What the task asks> Return each line of the listing in which the word "Pedal" appears.

Information supplied>
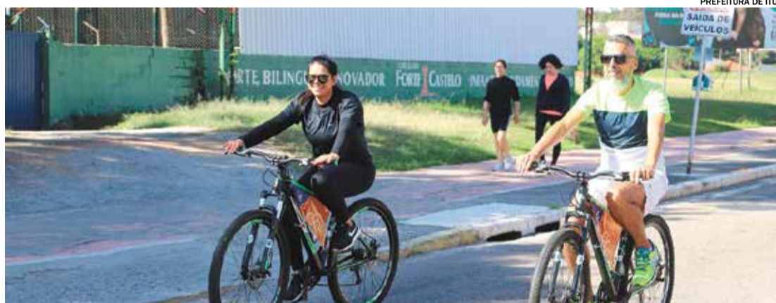
O projeto Pedal na Galileu acontece neste domingo, dia 23, na Avenida Galileu Bicudo

O projeto Pedal na Galileu acontece neste domingo, dia 23. O projeto disponibiliza aos munícipes, de forma gratuita, bicicletas para a prática esportiva na
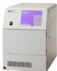
オートサンプラー M-510
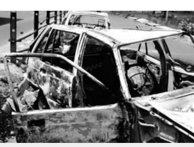
Mandsaur in 2017, a few days after the LEGACY OF AN AGITATION

won seven of the eight seats in Mandsaur, 18 months. "Over the years, the victims'
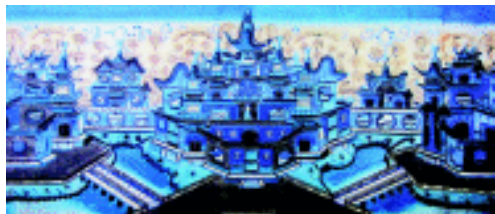
西域楼阁图 清 北京

Solution to the problem>
O projeto Pedal na Galileu acontece neste domingo, dia 23, na Avenida Galileu Bicudo
O projeto Pedal na Galileu acontece neste domingo, dia 23. O projeto disponibiliza aos munícipes, de forma gratuita, bicicletas para a prática esportiva na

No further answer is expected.